The problem I want to solve is that 1/1 shouldn't come on top of 45/50, because the 45/50 votes are more credible. 1/1 is better than no votes, but would need at least another couple votes to rank higher than 45/50, because it could simply be an error. Likewise the other way, if a story received a down vote by error, 49/50 shouldn't drop below 3/3 or 1/1.
But the formula from the article uses a separate rating (eg. amazon uses 1-5 stars). Instead I want to use the rating derived from the number of up/down votes, so that users don't have to rate stories two times (helpful? yes/no + another star rating).
But I don't know if it's possible to use their formula without a separate rating though, since I'm using the number of votes also for the rating.
DeadNight
Member
From: Israel
Registered: 2008-06-25
Posts: 12
I agree that using a 1-5 star system is awkward (though I don't like it personally, so I'm biased)
I've written the above formula assuming your rating system of a yes/no vote, using my own interpretation of the Bayesian rating system according to the article (it doesn't use the maximum amount of votes per one item, for example, but then no item ever will get its actual rating)

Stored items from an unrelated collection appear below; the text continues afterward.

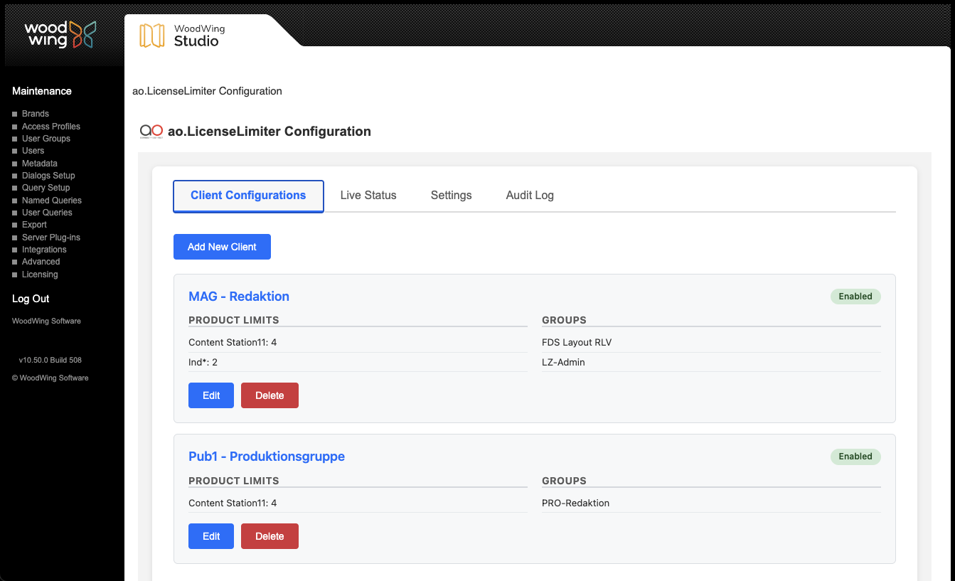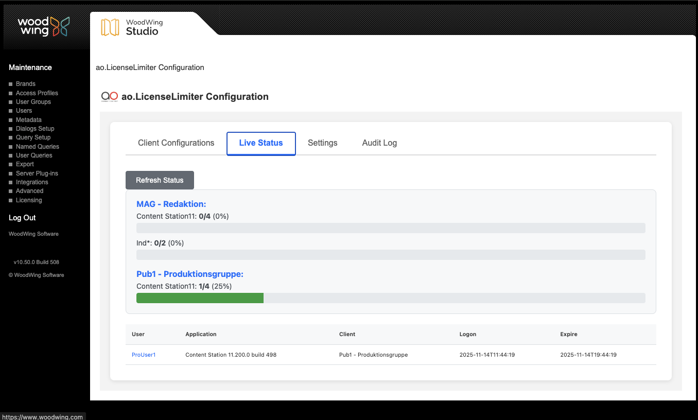 Basierend auf dem wertvollen Feedback unserer Kunden haben wir die Funktionsweise unseres ao.License Limiters weiter optimiert und die Konfiguration nahtlos in die Admin-Oberfläche des WoodWing Studio Servers integriert.
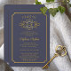 An elegant banner scroll and scalloped frame gold tone and blue graduation party invitation design that can be personalized for high school, college, university or vocational school graduations. Design by Holiday Hearts Designs (all rights reserved).
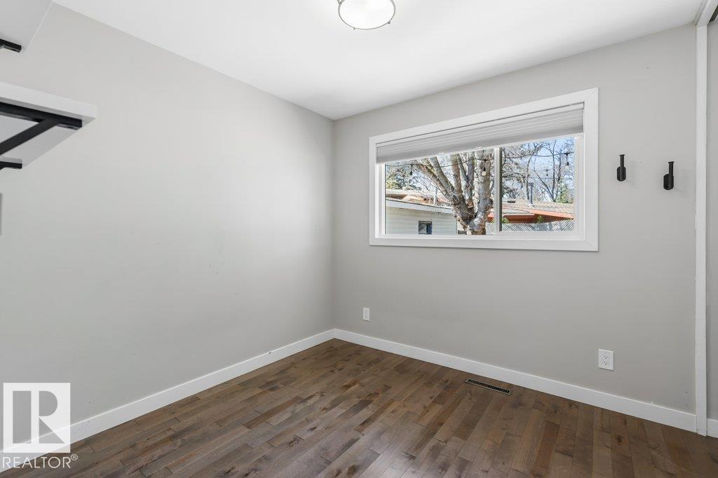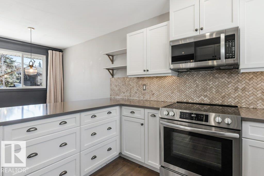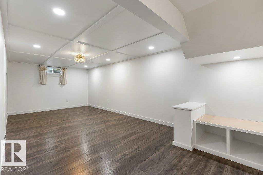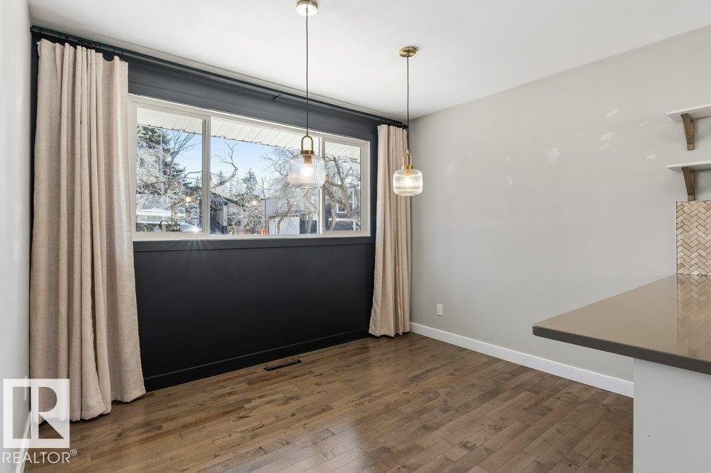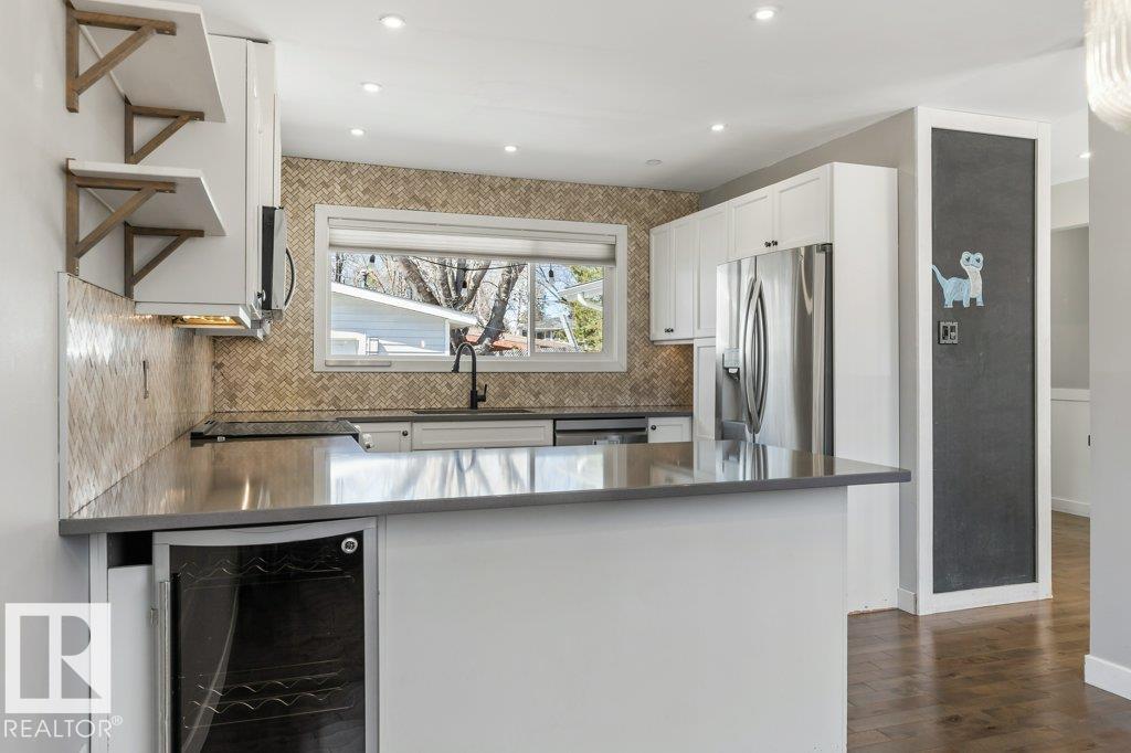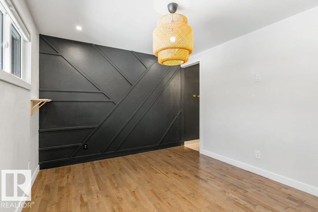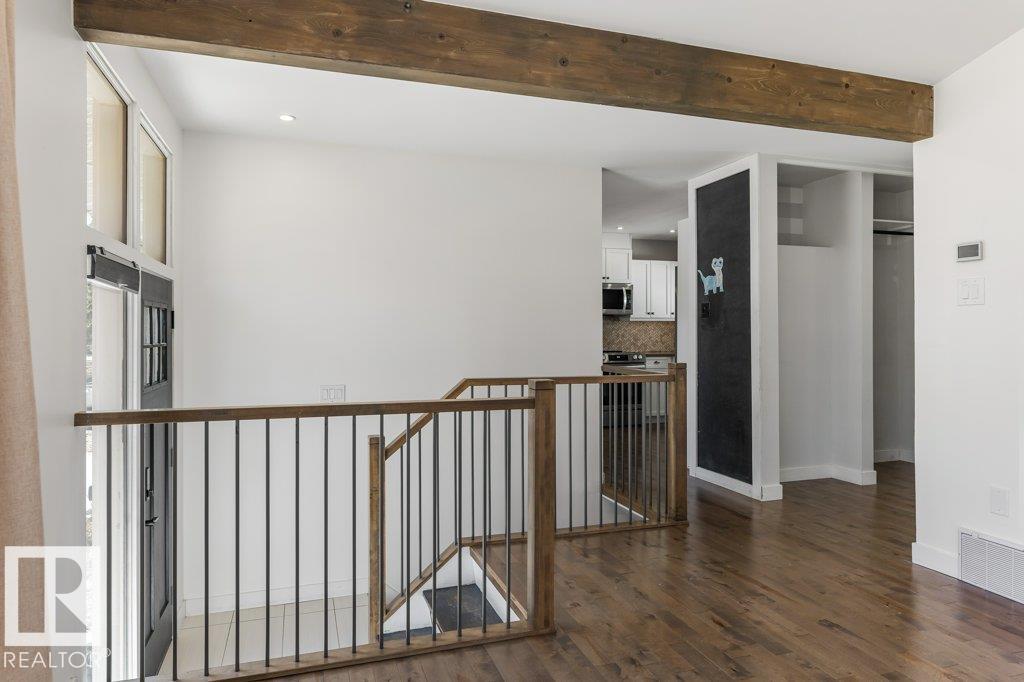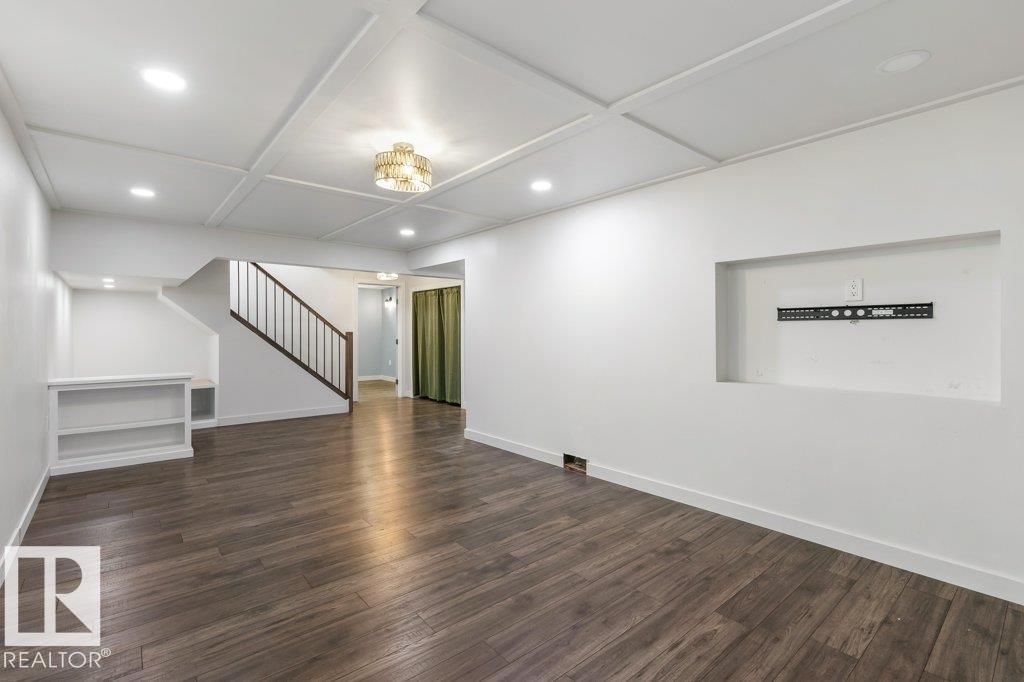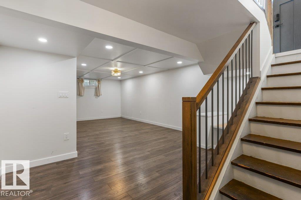 Welcome to this beautifully maintained 1,216 sq ft bungalow in the sought-after Gardens neighborhood of St. Albert. This home offers three spacious bedrooms on the main floor, including a primary suite with its own 3-piece ensuite, plus a full 4-piece main bath. The bright and inviting living room features vaulted ceilings, open beams, and large banks of windows that flood the space with natural light. The updated kitchen boasts quartz countertops and stainless steel appliances, with a separate dining area ideal for family meals and entertaining. Downstairs, the fully finished basement provides a large recreation room, versatile flex space, and ample storage with a dedicated laundry area and additional room for future development. Outside, enjoy a private deck with a built-in privacy screen, perfect for relaxing or hosting guests, along with a double detached garage. Located in a fantastic neighborhood close to downtown, Lions Park, the farmers? market, schools, and all amenities.

Play with some scenarios using my formula, and you'll see that it handles those situations well. 45/50 will be above 1/1 or 3/3, while lower than 49/50. That's because 45/50 will be closer to 0.9 while 1/1 will be really close to the average for that page, because of its low votes modifier.
I also assumed that items with 0 votes will have exactly the average (and hence will be below 1/1 but above 0/1)
So all in all, a separate rating is not required.